Jain et al.25 carried out an observational cohort study to compare the value of electrolytes estimated by a point-of-care blood gas analyzer and an automatic biochemistry analyzer in 200 patients admitted in intensive care unit. This study showed that levels of sodium estimated by point-of-care BGA were significantly less than automatic biochemistry analyzer, but the potassium levels which were estimated did not have any significant difference statistically. A study done by Solak19 retrospectively included 2557 samples to compare the levels of sodium estimated by BGA and auto analyzer. This study showed that levels of sodium estimated by BGA are higher than autoanalyzer which are statistically significant. The results of these studies are not in accordance with our study.

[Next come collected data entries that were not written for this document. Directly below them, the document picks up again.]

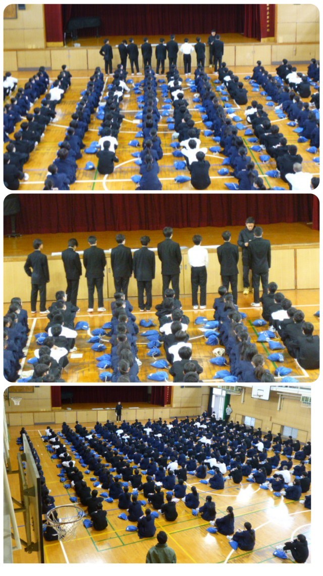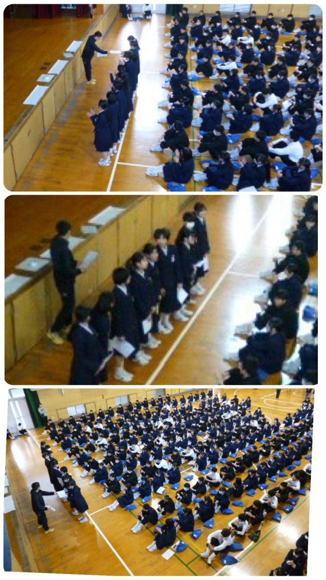 2年生の朝の学年集会で、大阪城マラソンの表彰式を行いました。入賞した皆さん、おめでとうございました。また、入賞こそできなったけど記録を更新した皆さんも、おめでとうございました。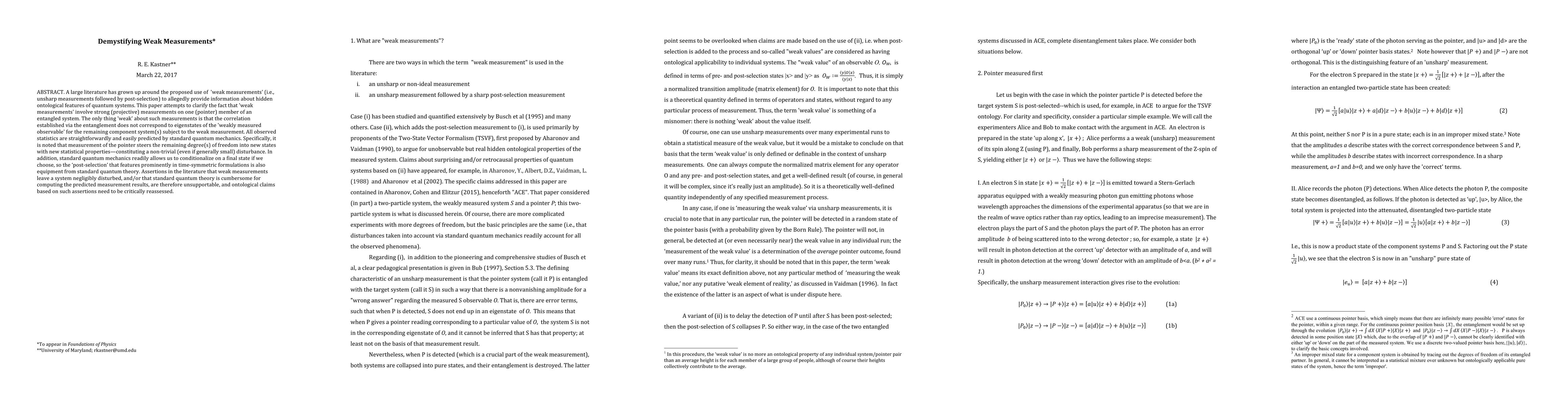 This paper clarifies that 'weak measurements' involve strong projective measurements on entangled systems, with the 'weakness' arising from non-eigenstate correlations. It argues that all observed statistics from weak measurements are predictable by standard quantum mechanics, refuting claims of negligible disturbance or computational complexity.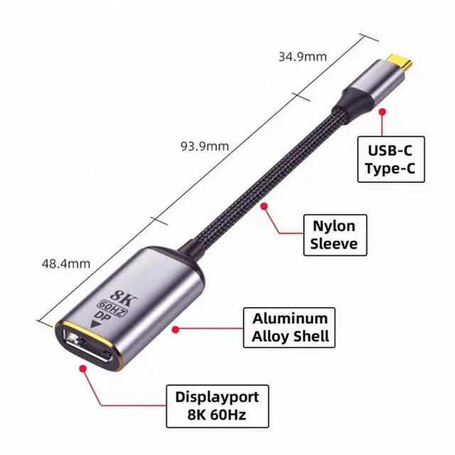 USB-C to DP cable with Slim Aluminum Shell transmits high-definition video and audio from your computer to an displays for video streaming or gaming.

In a research study by Pouryahya, Tan26 found that the values obtained by blood gas analyzer showed an significant variation for sodium, potassium and creatinine but they concluded that these variations were minor and can be fixed by precise calibration of the instrument. These differences are significantly large in preterm infants.
Rezaei Shahmirzadi, Mostafavi Toroghi 27 in his cross-sectional research study noted that the blood gas analyzer yielded significant high sodium values in comparison with autoanalyzer. Whereas Zhang, Lin28 found that the potassium values obtained by blood gas analyzer were significantly lower as compared to autoanalyzer. But they accounted that the difference in sample size, sampling methods and making of BGA and autoanalyzer could be the reasons of these discrepancies.
The interesting finding in our study is that we did not find any such differences in the values of electrolytes measured by both ABG and ABA, probably our sampling methods, quality control runs and the calibration status of both the analyzsers were accurate and the precision was taken care well in each step of the analysis. Prior to this study, we had conducted one more study on pre-analytical errors accounting for errors in laboratory results, which showed highly negligible errors with a overall prevalence of 0.52% of the total samples 79592 of clinical biochemistry unit in a duration of 6 months. The critical clinical decision can be made based on the results obtained by ABG analyzer so that there will not be any delay in the initiation of treatment in critically ill patients.